Abu Dhabi’s Technology Innovation Institute has released an Arabic-first large language model that tops global test boards, an uncommon edge for a region long served by English-centric systems.

Falcon-H1 Arabic comes in 3B, 7B and 34B versions. The flagship posts 75.36% accuracy on comprehensive Arabic tasks and ranks first on the Open Arabic LLM Leaderboard. It also outperforms Meta’s Llama-70B and Alibaba’s Qwen-72B while using less than half their parameters. The smallest model beats Microsoft’s Phi-4 Mini by ten percentage points on equivalent benchmarks.

Arabic remains hard territory for AI. Flexible word order, dense morphology and constant switching between regional dialects and Modern Standard Arabic leave many global models missing context or tone. Academic research has pointed to a shortage of annotated datasets for dialect and informal speech. The impact shows up in classrooms, call centers and government portals where Arabic chatbots lag their English counterparts.

TII trained Falcon-H1 Arabic on formal writing, dialects and culturally grounded content. Beyond scores, it handles practical use: long conversations, reasoning rather than literal translation, and inputs of up to 192,000 words — enough for medical records or legal filings.

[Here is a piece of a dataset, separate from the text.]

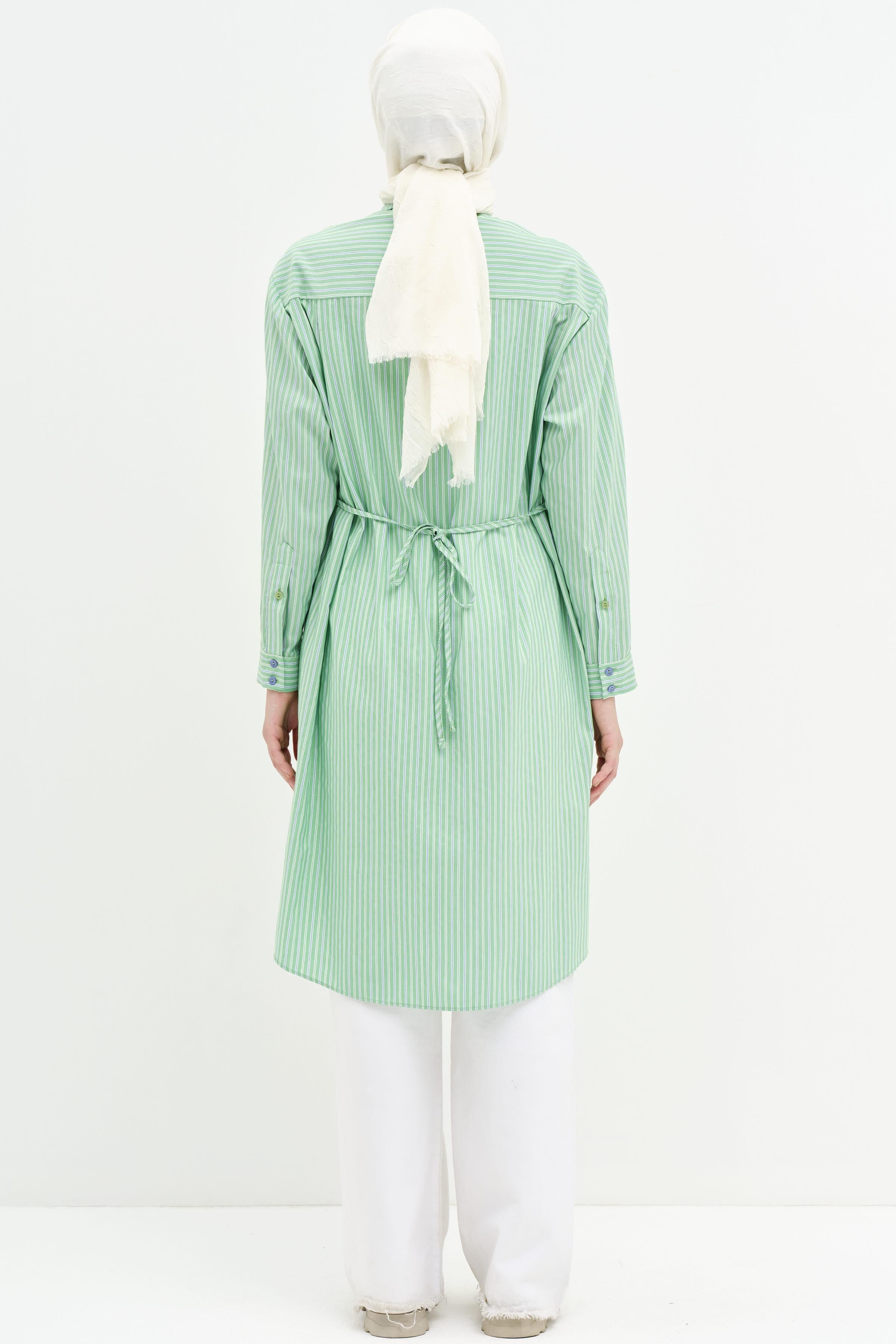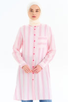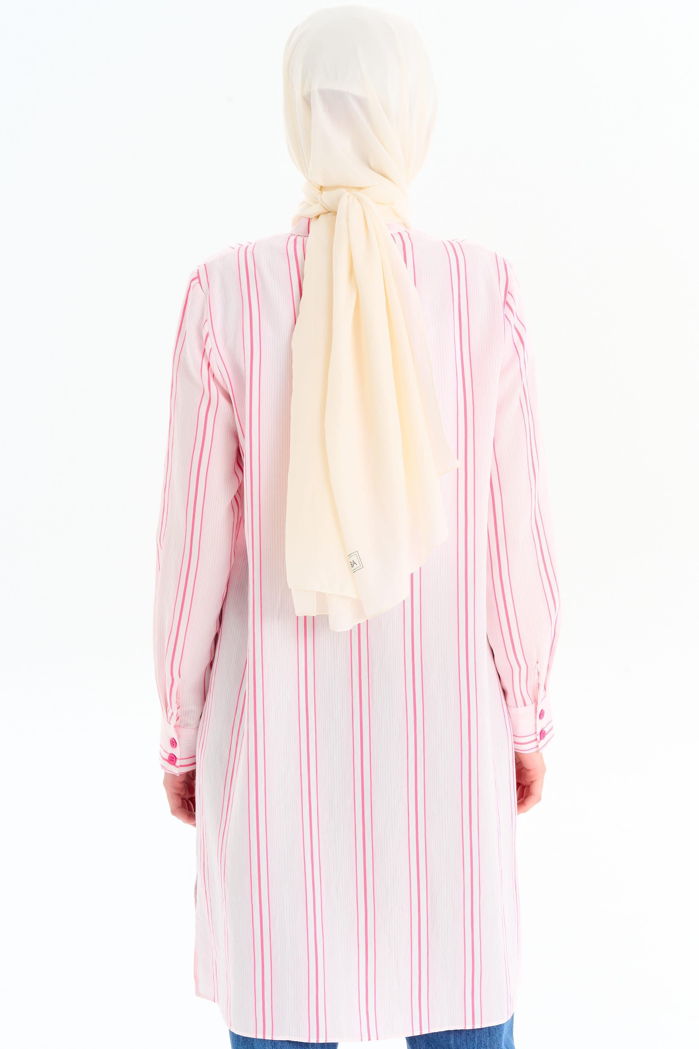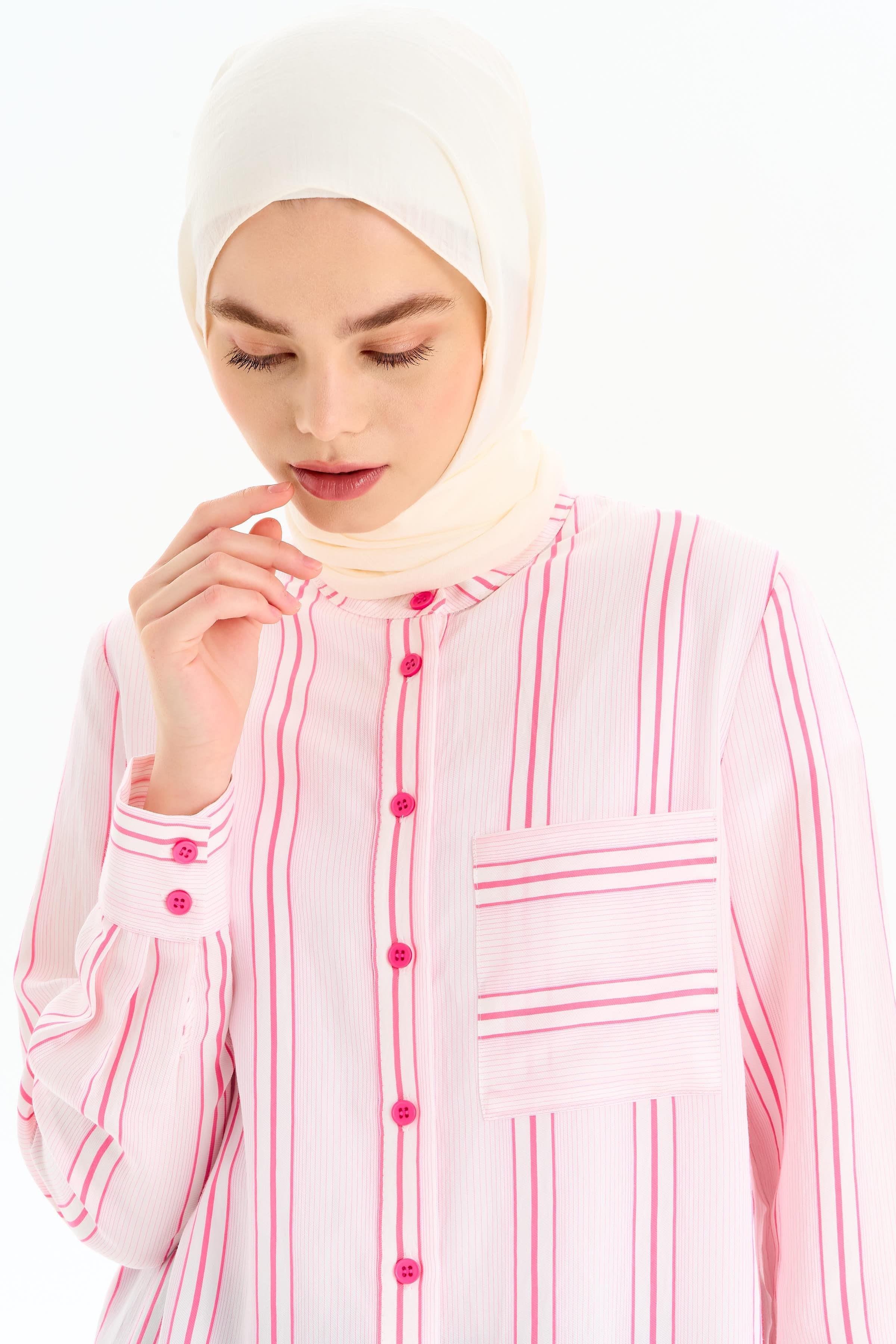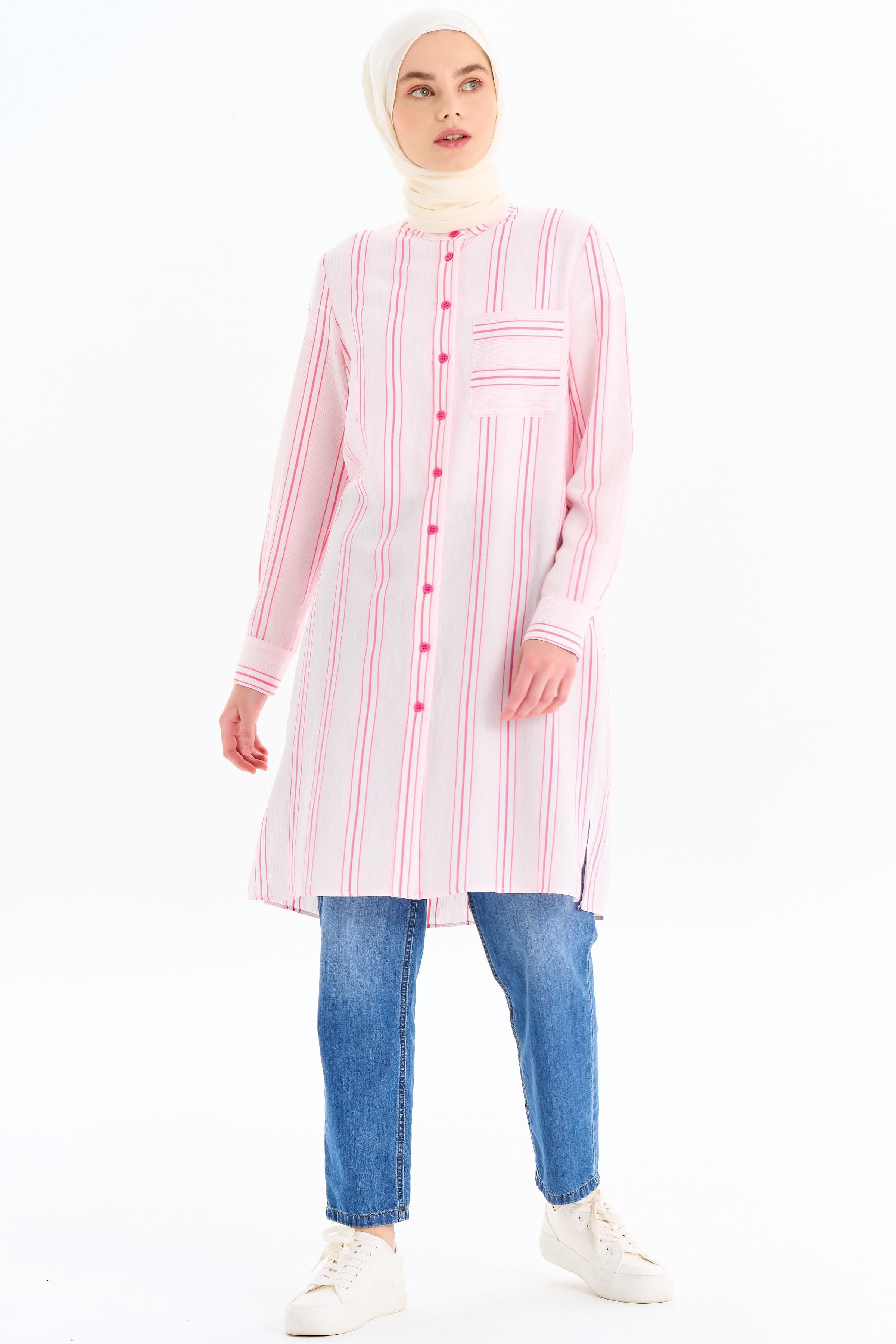 Combining elegance and functionality, this tunic attracts attention with its modern design. While the striped pattern gives the tunic a dynamic look, the prominent slit details highlight your style.

“The aim is innovation that is accessible, relevant, and impactful,” said Faisal Al Bannai, Adviser to the UAE President and Secretary-General of the Advanced Technology Research Council.

Also Read: Governata Raises $4M For Saudi AI Data-Governance Push

Arabic is spoken by more than 450 million people across over 20 countries, yet has often been treated as a secondary language for foundation models. The UAE move signals a push to flip that logic and build Arabic-native stacks rather than wait for global systems to improve.

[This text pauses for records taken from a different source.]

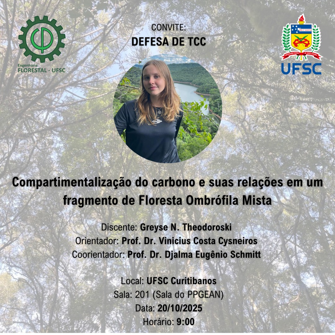 Inscrições: 21 a 30/10, sendo que os documentos devem ser enviados por e-mail do Curso (engenharia.florestal@contato.ufsc.br).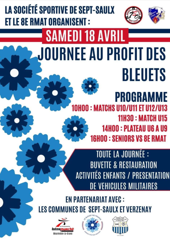 🏃La Société Sportive de Sept Saulx et le 8eme RMAT organisent une journée au profit des Bleuets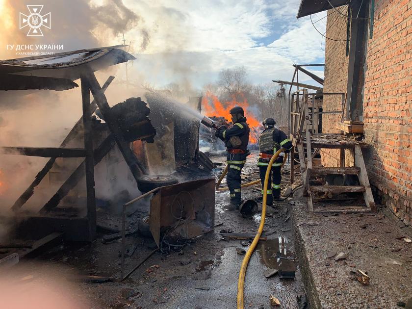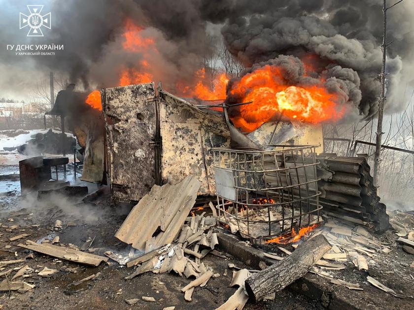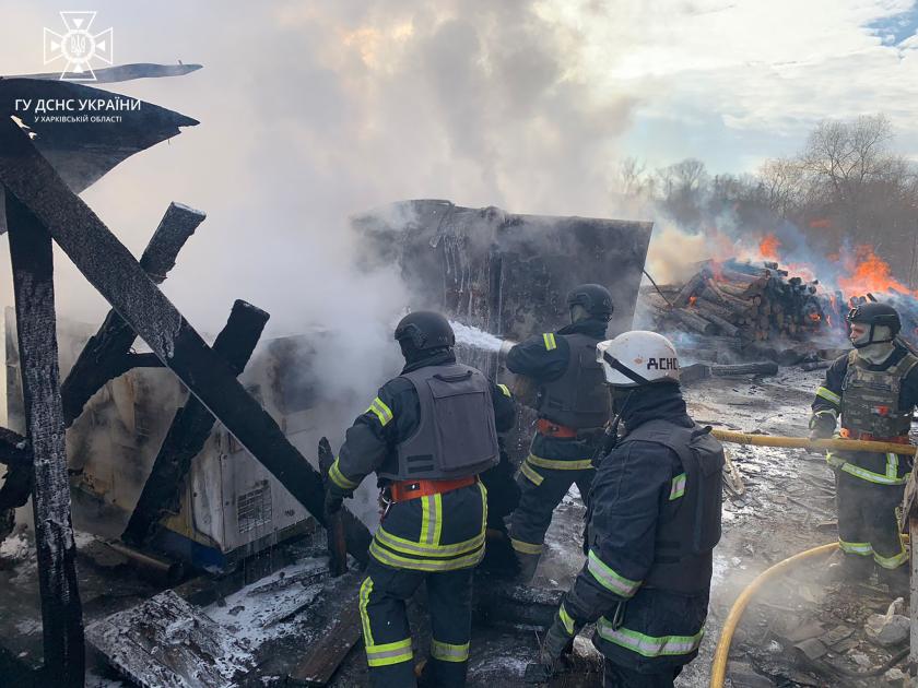 "В результате попадания снарядов произошло несколько очагов возгорания на территории местного коммунального предприятия", —рассказали в пресс-службе ГСЧС в Харьковской области.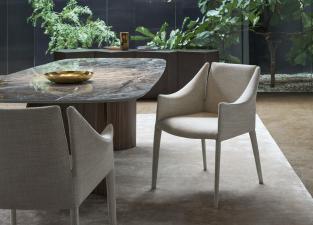The Bonaldo Flame Wood dining table designed by Gino Carollo features harmonious shapes and light, sinuous volumes.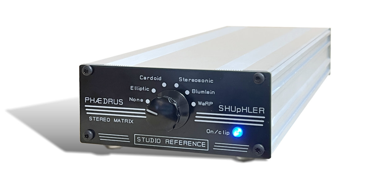 The Phædrus Audio SHUpHLER-IV stereo processor offers new and old treatments for stereo microphone and panned-stereo signals. The SHUpHLER-IV builds on the success of the previous SHUpHLERs and adds new processes: the famous Elliptical equaliser due to Neumann as used in the EE66 and EE70 lathe electronics; and the Wavefront Reconstruction Processor (WaRP) that was previously only available in the FRANCINSTIEN WaRP-III processor.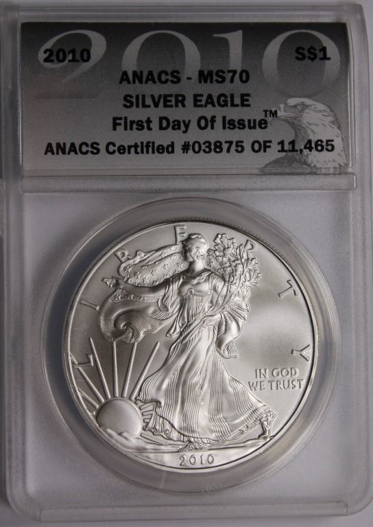 2010 AMERICAN SILVER EAGLE ANACS MS 70. ESTIMATE: $85-$100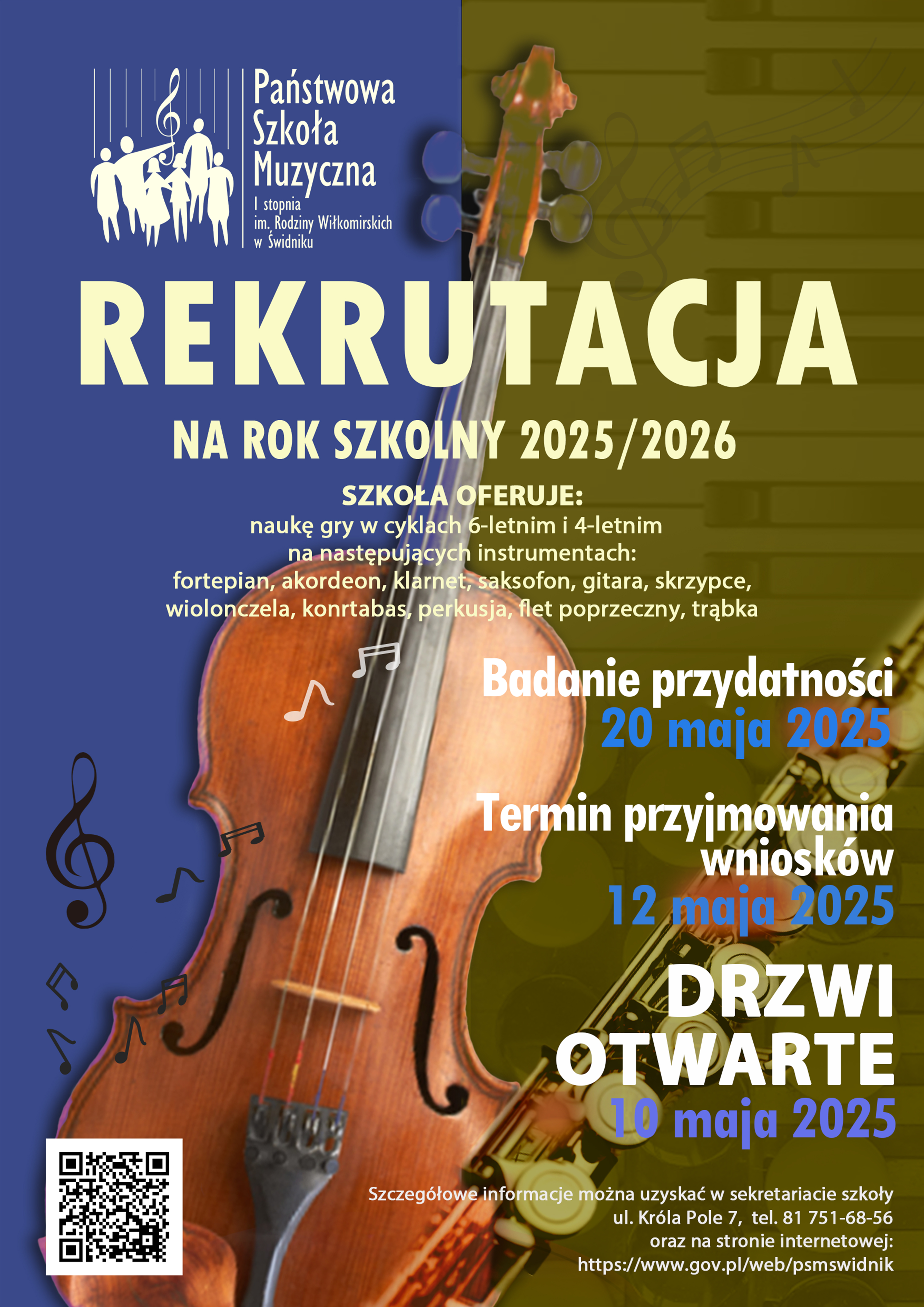 Wnioski przyjmowane będą tylko w komplecie z zaświadczeniem lekarskim o braku przeciwskazań do nauki w szkole muzycznej.

Falcon models have led their categories since 2023. With H1 Arabic, TII is offering free access via chat.falconllm.tii.ae for developers, media, healthcare and public-sector users looking to automate in natural Arabic.

As the region continues to invest in sovereign computing and data localization, the addition of Falcon-H1 Arabic adds a powerful tool built for the native language, instead of an afterthought attached to an English-trained system.